Llevaba poco tiempo viajando en metro y por eso desconocía la magia de los túneles y, sin saberlo, estaba por escribir una de las historias que sólo se pueden escribir en los vagones anaranjados, en que diariamente se comenzaban historias inconclusas en la imaginación de cada pasajero.

Subió en Auditorio; cansada, los tacones le habían recordado que los zapatos lisos eran una mejor opción. La falda no se veía tan corta como al sentarse en uno de los asientos que la subían a varios centímetros de la rodilla.

Desde ahora, tendría que adaptarse a la nueva forma de viajar.
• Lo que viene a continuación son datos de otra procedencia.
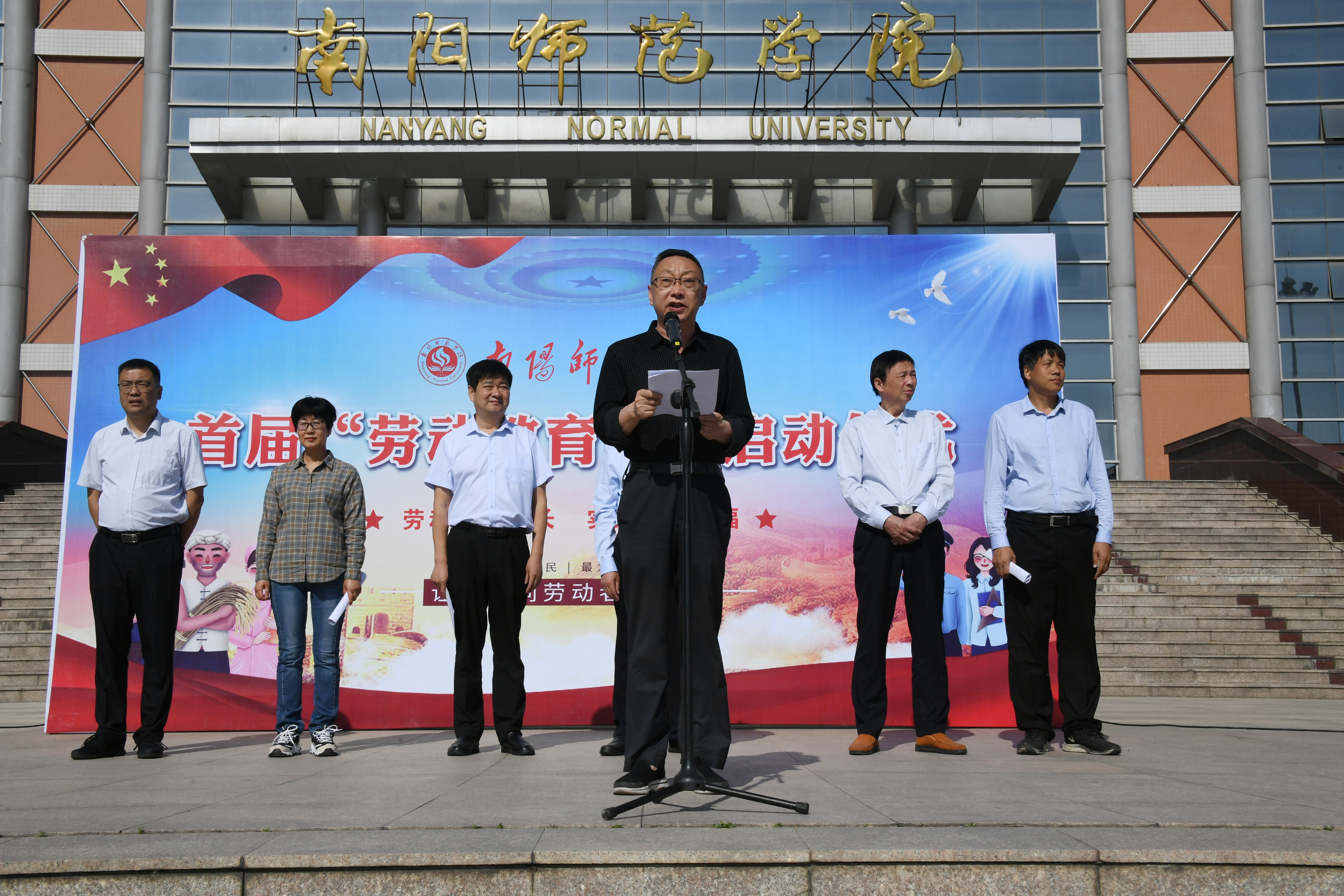 本网讯(陈欣/文 王占元 刘奥男/图)5月5日上午,必赢71886网址登录首届劳动教育周启动仪式在逸夫教学楼东广场举行。校党委副书记谢冰松、副校长周旗出席,相关职能部门负责同志与各学院教师代表、劳动周学生代表参加。仪式由周旗主持。

Ella no solía viajar en metro, pero las cosas, a veces, cambian.

Atenta a cada parada, con el franco deseo de que lo más pronto posible el camarón anaranjado le indicara el momento de bajarse, Beatriz no desviaba la mirada del cristal.

Sabía que la miraban, varios ojos se interesaban en su falda, en su cabello perfumado e impecable, pero ella, envuelta en gotas de perfume, prefería no pensar en ello y alternaba, con el reloj, el diálogo de quienes reducen su viaje al deseo de terminarlo.

En Tacuba, entre la multitud que baja y la que lucha por subir, un rostro familiar tomó el asiento frente al de Beatriz: Unos ojos enormes, marrón, con cejas imponentes y la frente apenas mojada por el sudor.

Beatriz incrédula clavó su mirada en el rostro de aquel hombre que no miraba otra cosa que sus rodillas.

Si los latidos de su corazón, que aumentaban a cada segundo, no estaban equivocados, se trataba de aquel que, en la secundaria, la había tomado de la mano por primera vez en medio del patio, para decirle que ella era la niña más bonita de toda la escuela…

Mientras luchaba por encontrarse de frente con esos ojos oscuros, recordaba en su memoria todas las cartas que él le había escrito, los dibujos y las flores que, en la graduación, aparecieron afuera de su casa.

De pronto, él levantó la mirada y Beatriz notó que sus ojos no se habían desviado a la velocidad necesaria.

Quería verlo el poco tiempo que les quedará en ese reencuentro. Ella nunca pensó que el metro le enseñaría nuevas formas de mirar, pero de pronto el cristal ya era su cómplice cuando, en los túneles, la oscuridad se volvía un espejo que le mostraba a aquel recuerdo sentado frente a ella mirando a todas partes excepto a la falda de Beatriz. ¿Por qué si todos la miraban a ella, él, aquel niño que la quiso siempre, no lo hacía?

Tenía que ser él, aunque según recordaba, él no solía viajar en metro, pero ella tampoco lo hacía y al parecer, las cosas pueden cambiar.

El tren se detuvo por más de diez minutos en el túnel antes de llegar a la estación Refinería; pero el tiempo no fue suficiente para que Beatriz recordara su nombre, pero ahora estaba segura de algo, él tampoco se acordaba de ella.

¿Cómo podría haberla olvidado? ¿Tanto habían cambiado sus ojos? ¿No bastaba haber conservado siempre el mismo color de cabello? ¿Sería que no reconocía el olor de su perfume que no era el mismo de la secundaria?

Beatriz sintió correr una lágrima por su mejilla. Siempre se quejaba del calor, de la multitud del ruido del metro, pero jamás pensó que tendría que quejarse también de los recuerdos.

El metro retomó su marcha, como si la oportunidad de este reencuentro hubiera sido desperdiciada. Beatriz bajó la mirada, sólo esperaba dos estaciones más para bajar a llorar con las tonterías de su pasado y olvidar, por segunda vez, en alguna junta de oficina, a ese niño al que quiso por más de cuatro años.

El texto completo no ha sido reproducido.